It's part of their isolationist philosophy: don't come into contact in any community way; do not identify with your community; do not feel the belonging to the cities and the people that make up this great province, but isolate yourself in your suburban areas and your big cars with fancy chrome; don't care about the ordinary people who are facing impossible odds just to try to make a living and have a decent life in the city, and to belong to a decent community that is unpolluted and uncongested by heavy traffic.

Mr. Speaker, I want to talk about B.C. Place as well, but before I do I'll just turn to the Annacis bridge project itself as a project. Now it's claimed that there is a $128.2 million cost — this is in 1979 dollars, so we know right away that it's going to cost a lot more than that. I'm told that it does not include the cost of upgrading Marine Way in south Burnaby and many other obvious additional costs that will be concomitant with the project. In the ordinary course of events the government cannot bind the people that will bid on construction contracts for the bridge, and it will be interesting to see whether the lowest bidder does come in at $128.2 million. I really doubt it. I think this is an opening figure so that the taxpayers will not be scandalized by the real figures as they come down later on — the water torture kind of thing. Give them a little bit at a time so they don't get too excited about it. It's quite a cynical point of view. but nevertheless one that I believe they have.

The Annacis bridge itself flies in the face of the liveable region plan by the Greater Vancouver Regional District. That plan calls for a diversion of jobs to the suburbs to avoid that flow of traffic to the city. These two perspectives seem quite contradictory. The government, on the other hand, through the Minister of Municipal Affairs (Hon. Mr. Vander Zalm)…. He says he supports the liveable region plan. He goes about in his capacity in that portfolio saying he supports it, and then he supports a bridge at Annacis. They're totally contradictory concepts. He's not yet been made to answer for it.

The flow charts that I've seen through CBA Engineering show that 49 percent of the traffic on the Pattullo in the mornings is headed into New Westminster. If this is the case, then an aggressive light rapid transit system. perhaps with a park-and-ride facility. could take a major portion of the traffic off this bridge. Such an alternative does not appear feasible for the Deas Island situation. That's the alternate approach. and that's the constructive criticism that I have to offer. Get with the modern times, I say to the Minister of Transportation and Highways (Hon. Mr. Fraser) and the Minister of Municipal Affairs. Support public transit. Support edifices and construction that will support public transit. Do not pander to the automobile and to the destruction of our communities.

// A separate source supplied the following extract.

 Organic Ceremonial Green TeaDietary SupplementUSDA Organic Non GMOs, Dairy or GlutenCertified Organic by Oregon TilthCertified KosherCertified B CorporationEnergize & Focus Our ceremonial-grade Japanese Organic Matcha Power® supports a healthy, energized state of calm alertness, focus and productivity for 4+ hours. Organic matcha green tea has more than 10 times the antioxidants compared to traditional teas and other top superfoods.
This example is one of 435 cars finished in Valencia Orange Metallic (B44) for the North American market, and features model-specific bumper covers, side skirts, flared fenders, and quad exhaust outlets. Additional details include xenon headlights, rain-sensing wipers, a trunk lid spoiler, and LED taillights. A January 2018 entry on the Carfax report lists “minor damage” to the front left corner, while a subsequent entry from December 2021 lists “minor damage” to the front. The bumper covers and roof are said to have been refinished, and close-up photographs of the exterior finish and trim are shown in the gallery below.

As far as B.C. Place is concerned, Mr. Speaker, the more answers that are given, the more questions I have to ask. I've sketched out from the press releases and the non-answers I get from the new young minister in Vancouver South (Hon. Mr. Rogers) that he'll be finished representing that constituency after his second term in office unless he can go to his constituency, fall down on his knees, and say: "There'll be no bridge. We're only fooling."

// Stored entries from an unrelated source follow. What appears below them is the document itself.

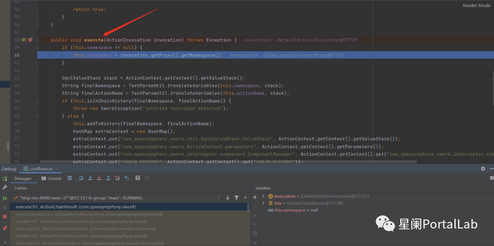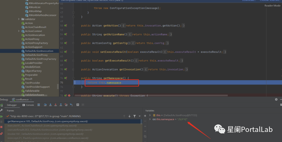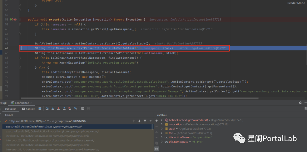 继续跟进,在com.opensymphony.xwork.ActionChainResult中,会调用translateVariables函数对OGNL表达式进行解析,表达式的值为namespace的取值。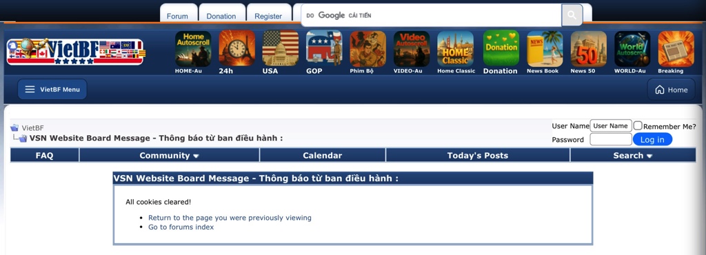 [] Sau khi vào được, chủ động bấm Log out để VietBF xóa cookie cũ (màn hình sẽ báo “All cookies cleared!” – xem hình minh họa).
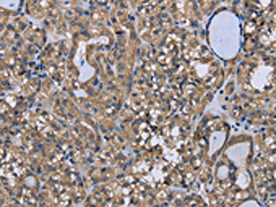 The image on the left is immunohistochemistry of paraffin-embedded Human thyroid cancer tissue using CSB-PA177666(FOXO1 Antibody) at dilution 1/20, on the right is treated with synthetic peptide. (Original magnification: ×200)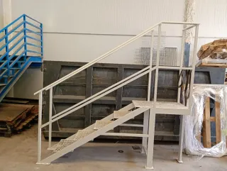 Escalera de hierro con plataforma y pasamanos. Ideal para uso industrial o de almacén. - Construcción robusta de hierro. - Peldaños antideslizantes. - Plataforma superior. - Pasamanos de seguridad.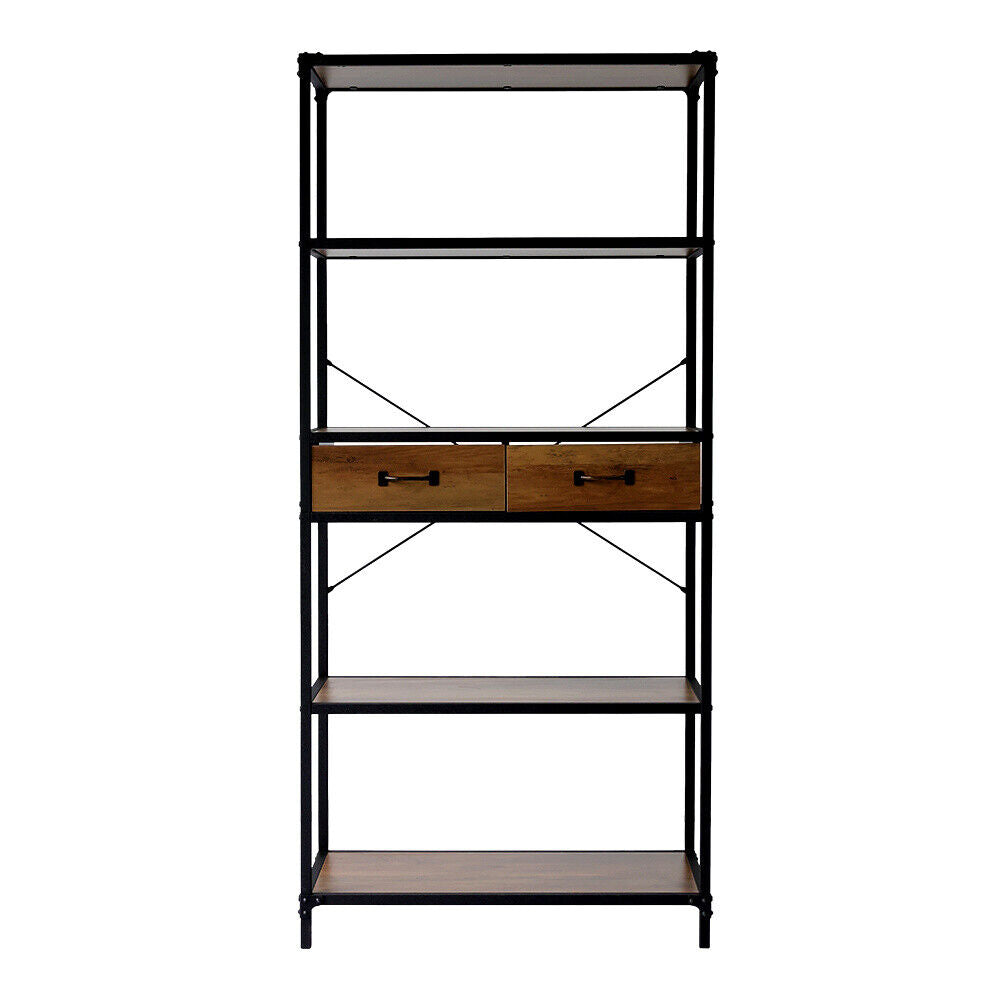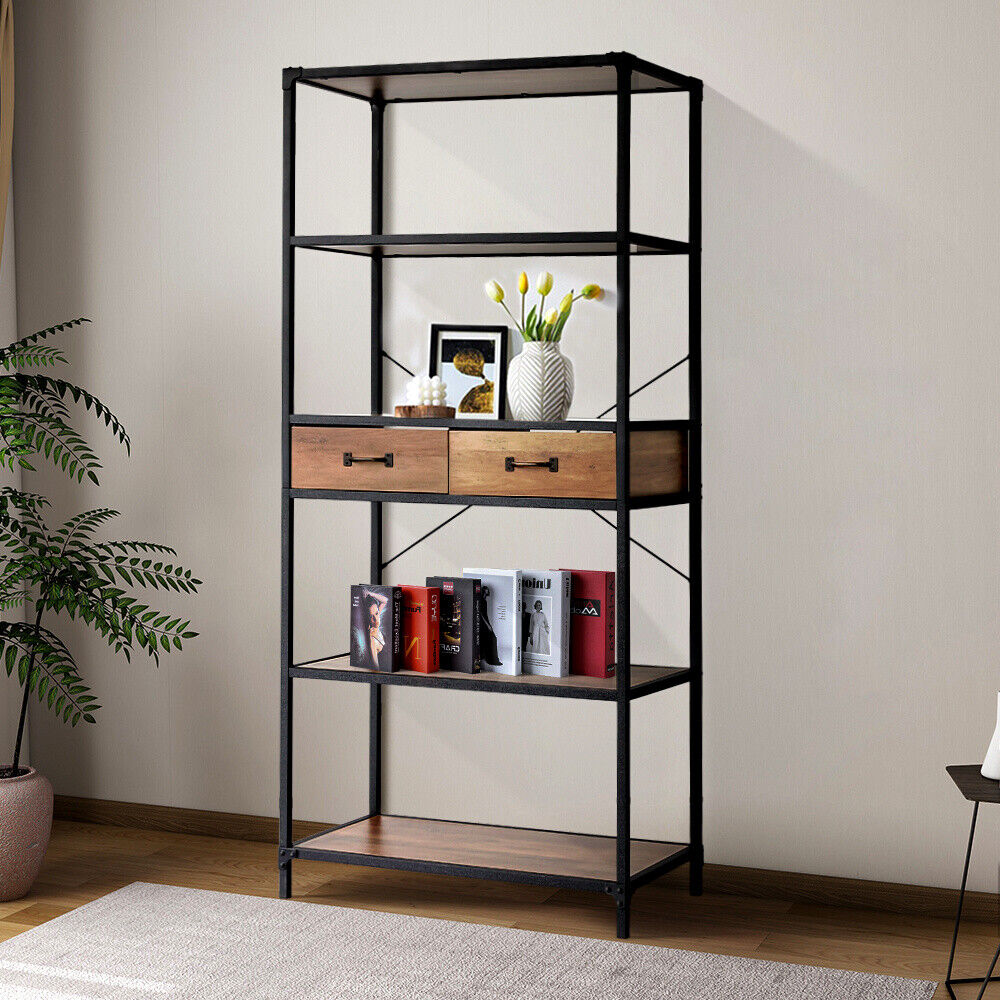 5-Tier Bookshelf Bookcase Metal Frame Shelf Industrial Shelving Unit w/2 Drawers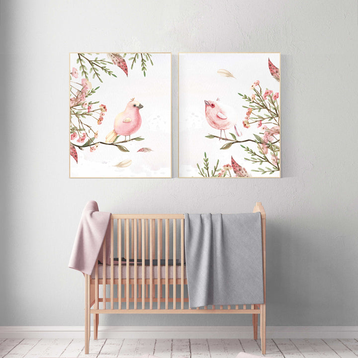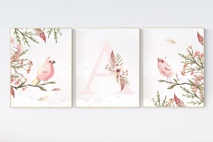 Nursery decor girl floral, Nursery wall art birds, nursery decor girl flower, baby bird nursery, spring theme baby shower, bird nursery art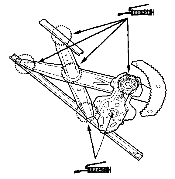 7. Install the glass and regulator in the reverse order of removal, and note these items: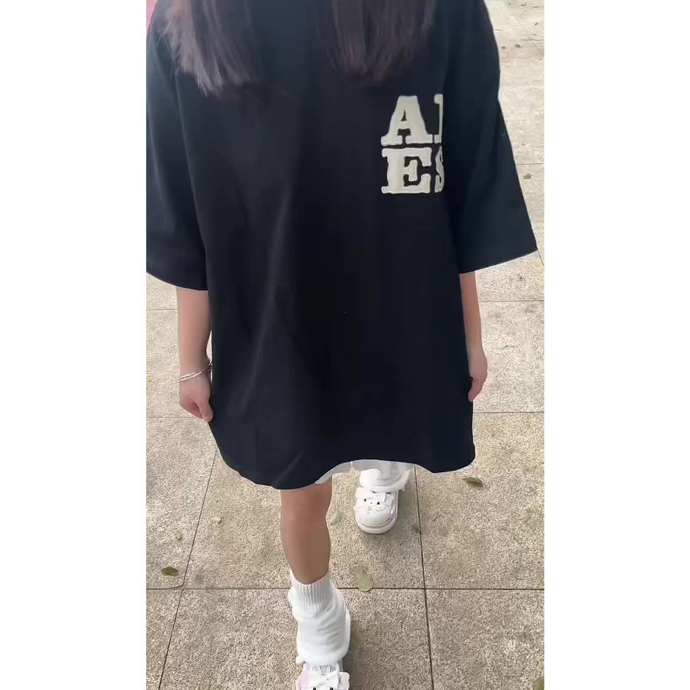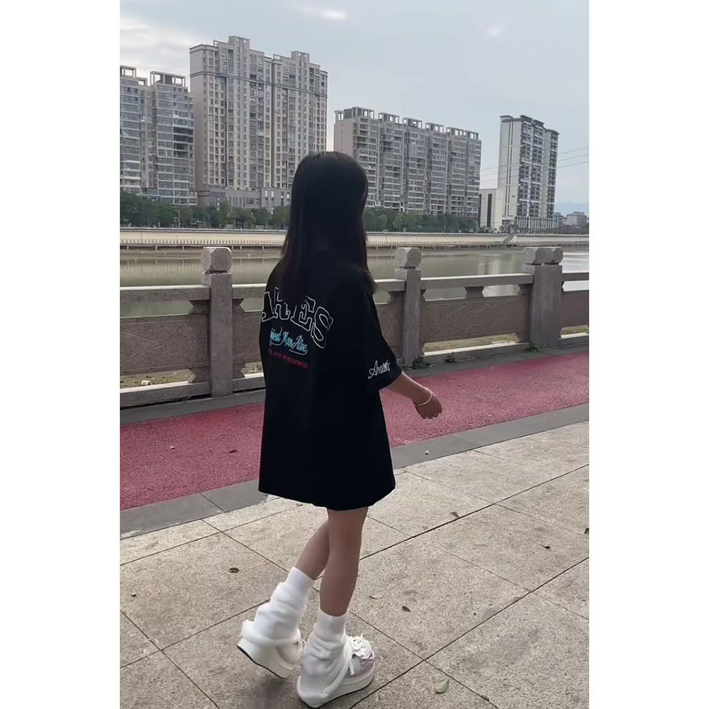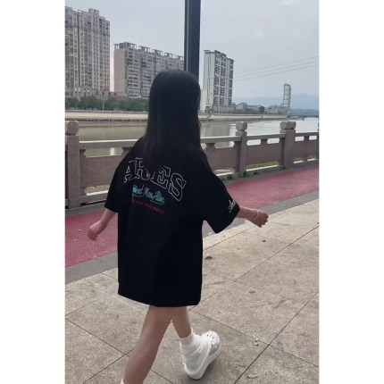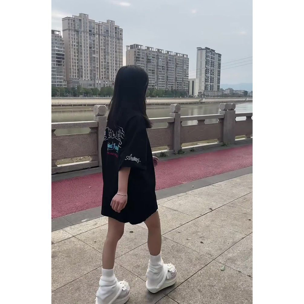 国潮美式字母刺绣短袖t恤女夏季小众设计感oversize潮牌宽松上衣

To B.C. Place. There are two concepts involved in this False Creek development. There's the so-called multipurpose sports facility on the east side of Cambie bridge, and there are Transpo '86 pavilions and sundry buildings on the west side of Cambie bridge. That's all we know. The ancillary facts that we know are that a Mr. Nerod is chairman of an action group or a building committee and that he's never at his office. He's in Bombay or in the Caribbean or on his yacht. I understand he's got a radio-telephone in his yacht, but we as yet have not been able to receive that number. All we want to do is to ask Mr. Nerod if he knows about B.C. Place.

Interjections.

MR. LAUK: Mr. Speaker, may I have some order from

[ Page 1904 ]

the back row there. I want the new Minister of Environment not to be influenced by the old crocodile and the old mover and shaker over there. They've been in this House too long, and they've got a lot of bad habits that might transmit to a young fellow just out of CP Air.

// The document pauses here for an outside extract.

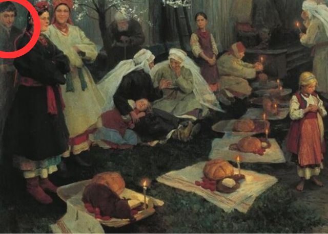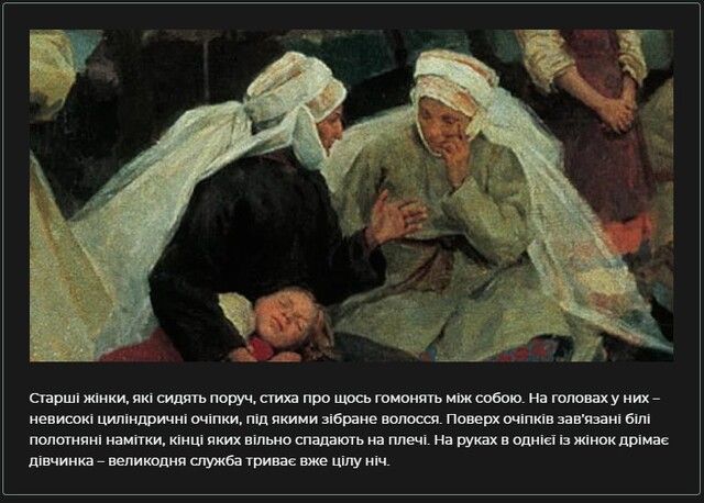 Йдеться про картину художника 19 століття, яка зображує великодній ранок під час служби в українській церкві.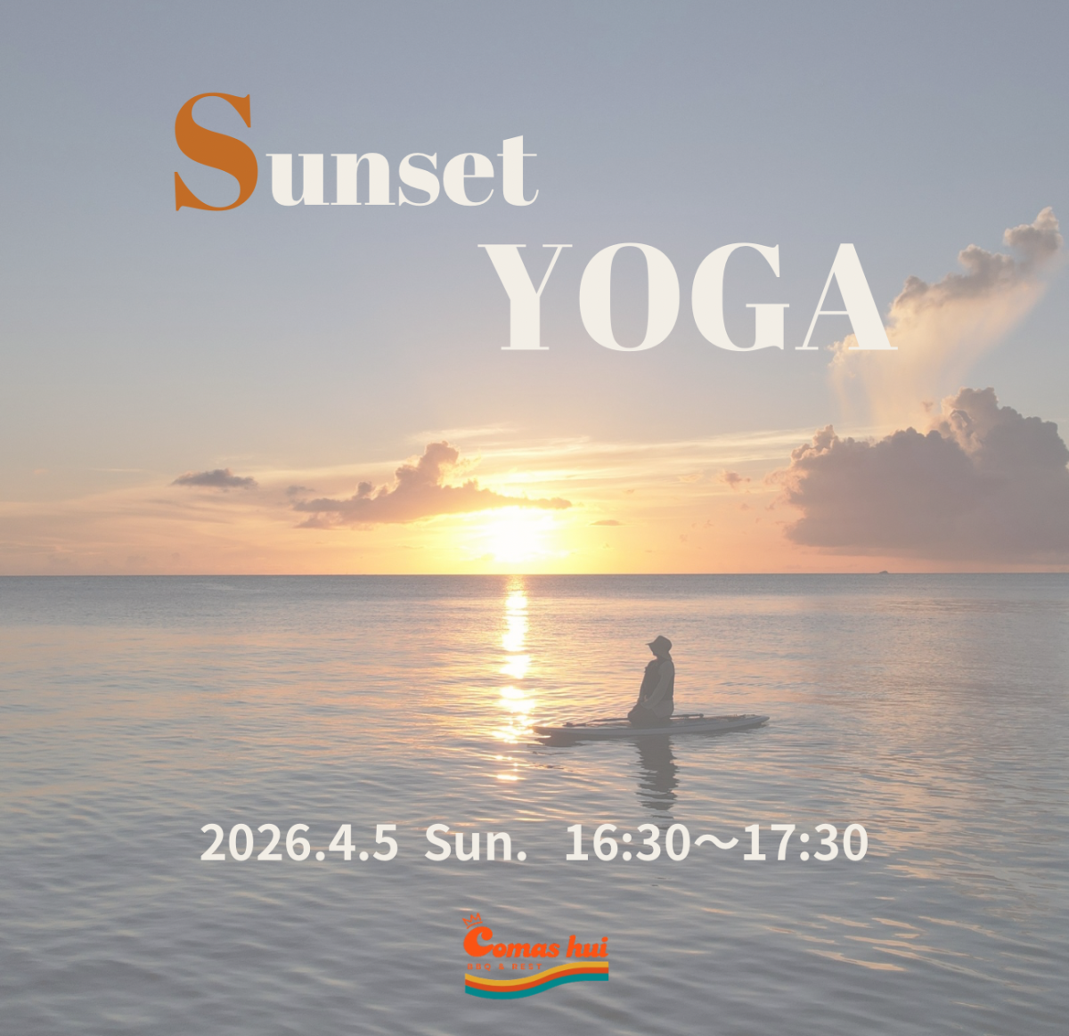 | イベント内容 | 《Sunset YOGA詳細》 日時:4/5 日曜日 16:30〜17:30 (16:15〜 受付開始) 場所:Comas_hui (愛知県南知多町) ※駐車場あり・別途料金 参加費:3000円 (当日現金払いのみ) 持ち物:飲み物・タオル・ヨガマット 汚れ等気になる方は、ビニールシートをご持参ください。 ご質問等ございましたら、Instagram DMにて お気軽にお問い合わせください。 ●講師:Kumi 笑うこと、楽しいことが大好き! 直感を信じて進む、 自由で愛にあふれた ポジティブチャレンジャー! “ひとりじゃない” 最大の味方は、いつもわたし自身。 夕陽 とともにこれまでの道のりと、 これからの一歩へ。 心と身体へ、そっと感謝を向ける。 空や海のように心も身体も、 ぐ〜んと自由に広がっていく。 『I like Me.』(私は、わたしが好き)をモットーに、 ありのままの自分とつながる時間を 愛知県を中心に、好きな場所にてお届けしています。 Instagram:@kumistyle_321 全米ヨガアライアンスRYT200 取得 IGNITE YOGA 認定講師 Japan Journaling Association® JJA認定ジャーナリング講師 取得 |

AN HON. MEMBER: Air Canada.

MR. LAUK: Yes, CP Air Canada — a Crown corporation.

Interjection.

MR. LAUK: He's never made a private enterprise buck in his life, Mr. Speaker. He just inherited it.

Those are the only two facts that we know other than that Mr. Nerod is not available. He's on some kind of a committee.

I want to talk a bit about the agreement that was made between the city of Vancouver and Marathon Realty. The minister should be well aware of this. He has enough people to read him these documents in his office. This was in July 1974 and the agreement is quite clear. They've got to dollars and cents, and the understanding of June 10 is outlined quite clearly.

" Marathon Realty agreed to pay the standard costs of a large-scale development, the cost of construction to city standards. It's also agreed that the above standard provision of a major subdivision represents costs to Marathon of approximately $3.5 million for utilities, $5 million for parkland and $2 million for standard seawall treatment."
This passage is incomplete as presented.